(Saved data entries)
───

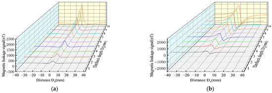 As can be seen from Equation (7), the influence results of the depth and width are consistent. Therefore, the variation rules of the magnetic leakage signals of the improved model and the classical model under different defect depths were studied. The width Dy = 1 mm, length Dx = 1 mm, and depth Dz were set as 1–10 mm to simulate the variation rules of the magnetic leakage signals with different defect lengths. (Figure 14).
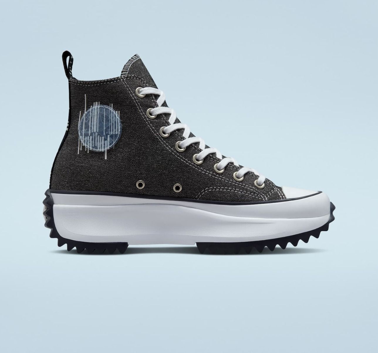 A pesar del grosor de su suela, las Run Star Hike Platform Translucent Barcode negras son unas zapas muy flexibles y transpirables, gracias a su tejido de lona y los dos agujeros con borde metálico en la parte inferior característicos de las All Star.
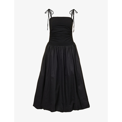 Midi dress with stretch fitted bodice and a full cotton skirt. There are drawstring tie details on either side of the bodice to create a slight ruched effect. The skirt is fully lined and has a puffy effect. Content + Care Upperbody: 90% cotton, 10% elastane, skirt:100% cotton Dry clean Imported Size + Fit S: Length: 48 inches, bust: 26.4 inches, waist: 23.2 inches, bottom hem: 103.6 inches, shoulder: 15.4 inches M: Length: 48.4 inches, bust: 28.4 inches, waist: 25.2 inches, bottom hem: 105.6 inches, shoulder: 15.9 inches L: Length: 48.8 inches, bust: 30.4 inches, waist: 27.2 inches, bottom hem: 107.6 inches, shoulder: 16.4 inches Amy Lynn Puffball Midi Dress in Black, Women's at Urban Outfitters
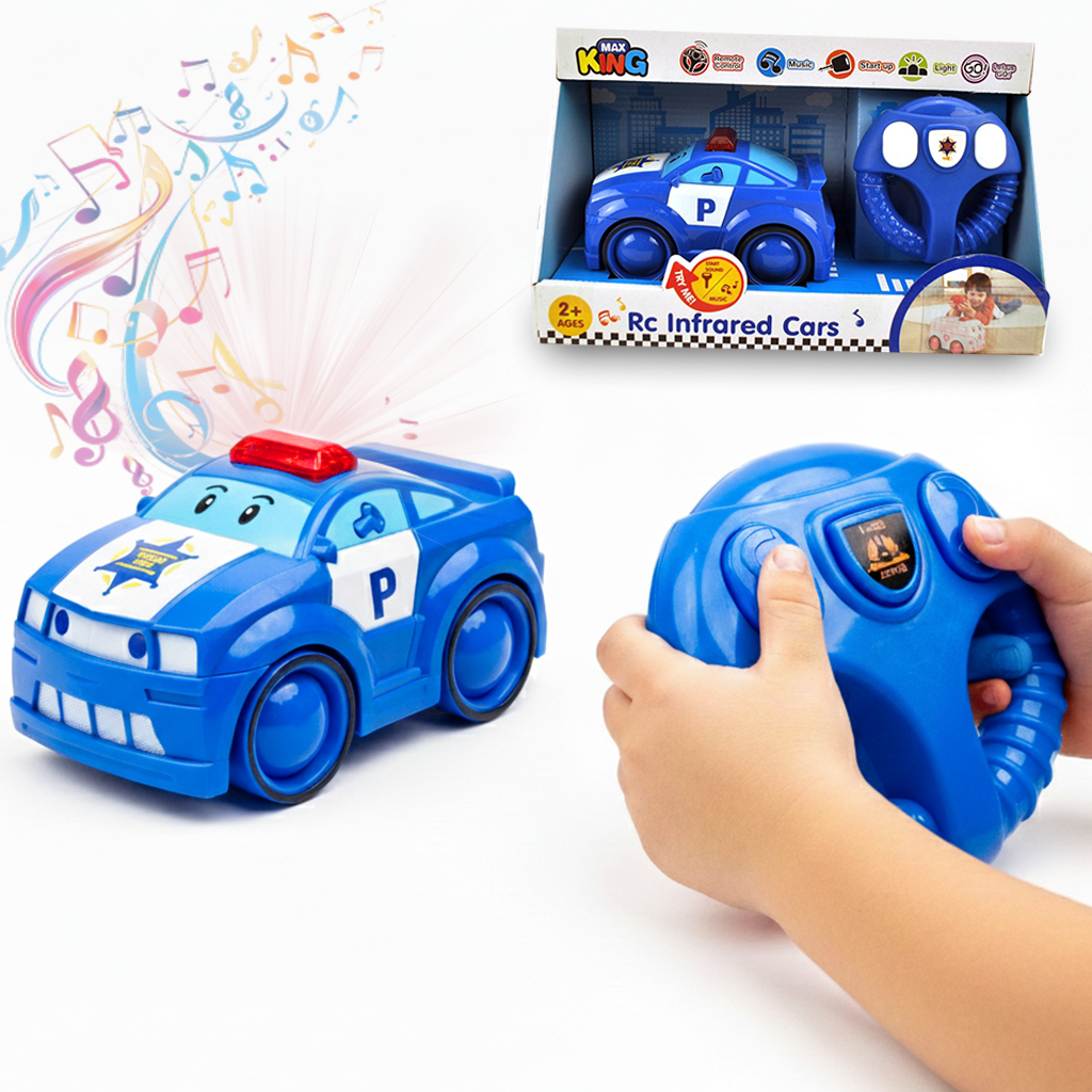 "سيارة شرطة ذكية تشتغل بالتحكم عن بعد (RC)، فيها إضاءة وأصوات ونياسة وتتحرك بكل الاتجاهات، تشجع الياهل على الحركة وتنمي عنده سرعة الاستجابة.
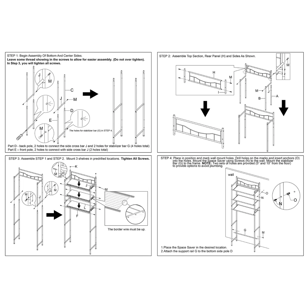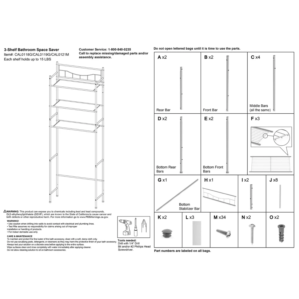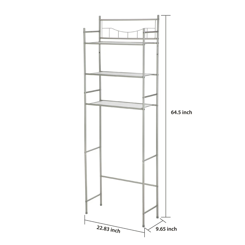 Make the most of your bathroom space with the Over-the-Toilet 3-Shelf Bathroom Space Saver. It has a sleek satin nickel finish and a modern design. It adds three storage shelves to help keep your bathroom clutter free. The slim design fits over most standard toilets, while the satin nickel finish adds a touch of style to your space. Each of the three Steel shelves can hold up to 10 pounds The package includes a detailed instruction manual. It has numbered parts and assembly steps. All necessary hardware is also included for easy assembly by adults. This Over-the-Toilet Space Saver is a smart way to maximize your space in a bathroom. Recommended for Senior, Adult and Teen Age Groups. Dimensions: 22.83"L x 9.65"W x 64.5"H Bathroom space saver with 3 shelves Fits over most standard toilets Holds up to 10 lbs. per shelf Ideal for adding additional storage and contemporary design to your bathroom Bottom shelf is 36.96" from the floor Stabilizer bar is 10.59" from the floor Distance between each shelf is 9" Satin Nickel finish (Silver color) Assembly required Hardware included Also available in an Oil Rubbed Bronze finish For questions or issues with this item, call 800-840-0235 before returning.
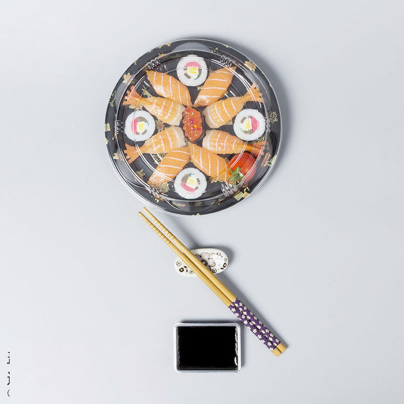 Takeaway Tray Container Party Sushi Trays with Lid Ps Fast Food Plastic Round Japanese Disposable Carton Customized Logo Blister
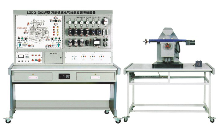 TYK-X62W 型 萬能銑床電氣技能實(shí)訓(xùn)考核裝置 ( 半實(shí)物 )由電源控制部分、機(jī)床電氣控制部分、半仿真機(jī)床實(shí)物部分構(gòu)成。電源控制部分包括實(shí)訓(xùn)定時(shí)、定時(shí)報(bào)警、安全用電自動控制等,機(jī)床電氣控制部分把整臺機(jī)床內(nèi)部電器裝在正面面板上,能直觀地觀察機(jī)床工作時(shí)各電器的動作狀況。故障點(diǎn)在面板上設(shè)有相應(yīng)測試點(diǎn),供實(shí)訓(xùn)考核者測試用。仿真機(jī)床部分能模擬機(jī)床各種運(yùn)動。通過萬能銑床電氣技能實(shí)訓(xùn)考核裝置 的實(shí)訓(xùn)能使學(xué)員掌握機(jī)床常見故障的現(xiàn)象、故障產(chǎn)生的大概部位,熟練掌握機(jī)床電路工作原理,其是維修電工初、中、高級技能鑒定的理想實(shí)訓(xùn)設(shè)備。

───

Task objective — Pictures aside, repeat each entry in full and without change.

Task answer —
 As can be seen from Equation (7), the influence results of the depth and width are consistent. Therefore, the variation rules of the magnetic leakage signals of the improved model and the classical model under different defect depths were studied. The width Dy = 1 mm, length Dx = 1 mm, and depth Dz were set as 1–10 mm to simulate the variation rules of the magnetic leakage signals with different defect lengths. (Figure 14).
 A pesar del grosor de su suela, las Run Star Hike Platform Translucent Barcode negras son unas zapas muy flexibles y transpirables, gracias a su tejido de lona y los dos agujeros con borde metálico en la parte inferior característicos de las All Star.
 Midi dress with stretch fitted bodice and a full cotton skirt. There are drawstring tie details on either side of the bodice to create a slight ruched effect. The skirt is fully lined and has a puffy effect. Content + Care Upperbody: 90% cotton, 10% elastane, skirt:100% cotton Dry clean Imported Size + Fit S: Length: 48 inches, bust: 26.4 inches, waist: 23.2 inches, bottom hem: 103.6 inches, shoulder: 15.4 inches M: Length: 48.4 inches, bust: 28.4 inches, waist: 25.2 inches, bottom hem: 105.6 inches, shoulder: 15.9 inches L: Length: 48.8 inches, bust: 30.4 inches, waist: 27.2 inches, bottom hem: 107.6 inches, shoulder: 16.4 inches Amy Lynn Puffball Midi Dress in Black, Women's at Urban Outfitters
 "سيارة شرطة ذكية تشتغل بالتحكم عن بعد (RC)، فيها إضاءة وأصوات ونياسة وتتحرك بكل الاتجاهات، تشجع الياهل على الحركة وتنمي عنده سرعة الاستجابة.
 Make the most of your bathroom space with the Over-the-Toilet 3-Shelf Bathroom Space Saver. It has a sleek satin nickel finish and a modern design. It adds three storage shelves to help keep your bathroom clutter free. The slim design fits over most standard toilets, while the satin nickel finish adds a touch of style to your space. Each of the three Steel shelves can hold up to 10 pounds The package includes a detailed instruction manual. It has numbered parts and assembly steps. All necessary hardware is also included for easy assembly by adults. This Over-the-Toilet Space Saver is a smart way to maximize your space in a bathroom. Recommended for Senior, Adult and Teen Age Groups. Dimensions: 22.83"L x 9.65"W x 64.5"H Bathroom space saver with 3 shelves Fits over most standard toilets Holds up to 10 lbs. per shelf Ideal for adding additional storage and contemporary design to your bathroom Bottom shelf is 36.96" from the floor Stabilizer bar is 10.59" from the floor Distance between each shelf is 9" Satin Nickel finish (Silver color) Assembly required Hardware included Also available in an Oil Rubbed Bronze finish For questions or issues with this item, call 800-840-0235 before returning.
 Takeaway Tray Container Party Sushi Trays with Lid Ps Fast Food Plastic Round Japanese Disposable Carton Customized Logo Blister
 TYK-X62W 型 萬能銑床電氣技能實(shí)訓(xùn)考核裝置 ( 半實(shí)物 )由電源控制部分、機(jī)床電氣控制部分、半仿真機(jī)床實(shí)物部分構(gòu)成。電源控制部分包括實(shí)訓(xùn)定時(shí)、定時(shí)報(bào)警、安全用電自動控制等,機(jī)床電氣控制部分把整臺機(jī)床內(nèi)部電器裝在正面面板上,能直觀地觀察機(jī)床工作時(shí)各電器的動作狀況。故障點(diǎn)在面板上設(shè)有相應(yīng)測試點(diǎn),供實(shí)訓(xùn)考核者測試用。仿真機(jī)床部分能模擬機(jī)床各種運(yùn)動。通過萬能銑床電氣技能實(shí)訓(xùn)考核裝置 的實(shí)訓(xùn)能使學(xué)員掌握機(jī)床常見故障的現(xiàn)象、故障產(chǎn)生的大概部位,熟練掌握機(jī)床電路工作原理,其是維修電工初、中、高級技能鑒定的理想實(shí)訓(xùn)設(shè)備。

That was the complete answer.